INPUT DATA:
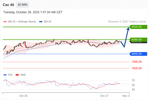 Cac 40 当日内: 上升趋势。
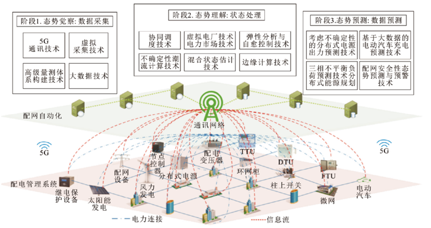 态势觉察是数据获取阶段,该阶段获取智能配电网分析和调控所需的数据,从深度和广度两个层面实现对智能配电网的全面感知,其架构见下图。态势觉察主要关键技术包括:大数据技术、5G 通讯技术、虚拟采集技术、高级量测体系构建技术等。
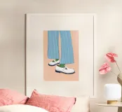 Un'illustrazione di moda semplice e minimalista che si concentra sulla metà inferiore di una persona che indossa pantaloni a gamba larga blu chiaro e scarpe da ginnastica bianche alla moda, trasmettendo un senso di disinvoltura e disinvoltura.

---

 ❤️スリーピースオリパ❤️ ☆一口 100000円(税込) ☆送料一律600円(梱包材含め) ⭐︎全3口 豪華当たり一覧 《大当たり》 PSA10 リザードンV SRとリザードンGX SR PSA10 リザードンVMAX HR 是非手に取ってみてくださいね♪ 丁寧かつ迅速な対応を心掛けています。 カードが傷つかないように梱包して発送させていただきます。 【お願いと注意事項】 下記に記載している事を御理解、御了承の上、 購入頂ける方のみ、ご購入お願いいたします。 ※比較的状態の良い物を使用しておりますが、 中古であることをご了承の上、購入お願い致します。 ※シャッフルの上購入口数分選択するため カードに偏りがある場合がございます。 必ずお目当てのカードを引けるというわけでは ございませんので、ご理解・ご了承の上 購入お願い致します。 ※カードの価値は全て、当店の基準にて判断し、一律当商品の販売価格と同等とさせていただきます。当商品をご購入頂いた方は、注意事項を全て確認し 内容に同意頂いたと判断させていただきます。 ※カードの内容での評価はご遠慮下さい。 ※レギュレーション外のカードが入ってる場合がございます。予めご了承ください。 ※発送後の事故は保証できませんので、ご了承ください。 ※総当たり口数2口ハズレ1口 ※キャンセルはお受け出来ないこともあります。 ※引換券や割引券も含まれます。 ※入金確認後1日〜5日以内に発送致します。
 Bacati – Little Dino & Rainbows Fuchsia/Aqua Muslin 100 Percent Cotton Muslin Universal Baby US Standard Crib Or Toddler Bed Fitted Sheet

INSTRUCTIONS FOR THE TASK: Only the lines above from the line containing "100000円(税込) ☆送料一律600円(梱包材含め) ⭐︎全3口" through the line containing "Bacati – Little" should be retyped, exactly and with both ends included.

EXERCISE RESPONSE:
 ❤️スリーピースオリパ❤️ ☆一口 100000円(税込) ☆送料一律600円(梱包材含め) ⭐︎全3口 豪華当たり一覧 《大当たり》 PSA10 リザードンV SRとリザードンGX SR PSA10 リザードンVMAX HR 是非手に取ってみてくださいね♪ 丁寧かつ迅速な対応を心掛けています。 カードが傷つかないように梱包して発送させていただきます。 【お願いと注意事項】 下記に記載している事を御理解、御了承の上、 購入頂ける方のみ、ご購入お願いいたします。 ※比較的状態の良い物を使用しておりますが、 中古であることをご了承の上、購入お願い致します。 ※シャッフルの上購入口数分選択するため カードに偏りがある場合がございます。 必ずお目当てのカードを引けるというわけでは ございませんので、ご理解・ご了承の上 購入お願い致します。 ※カードの価値は全て、当店の基準にて判断し、一律当商品の販売価格と同等とさせていただきます。当商品をご購入頂いた方は、注意事項を全て確認し 内容に同意頂いたと判断させていただきます。 ※カードの内容での評価はご遠慮下さい。 ※レギュレーション外のカードが入ってる場合がございます。予めご了承ください。 ※発送後の事故は保証できませんので、ご了承ください。 ※総当たり口数2口ハズレ1口 ※キャンセルはお受け出来ないこともあります。 ※引換券や割引券も含まれます。 ※入金確認後1日〜5日以内に発送致します。
 Bacati – Little Dino & Rainbows Fuchsia/Aqua Muslin 100 Percent Cotton Muslin Universal Baby US Standard Crib Or Toddler Bed Fitted Sheet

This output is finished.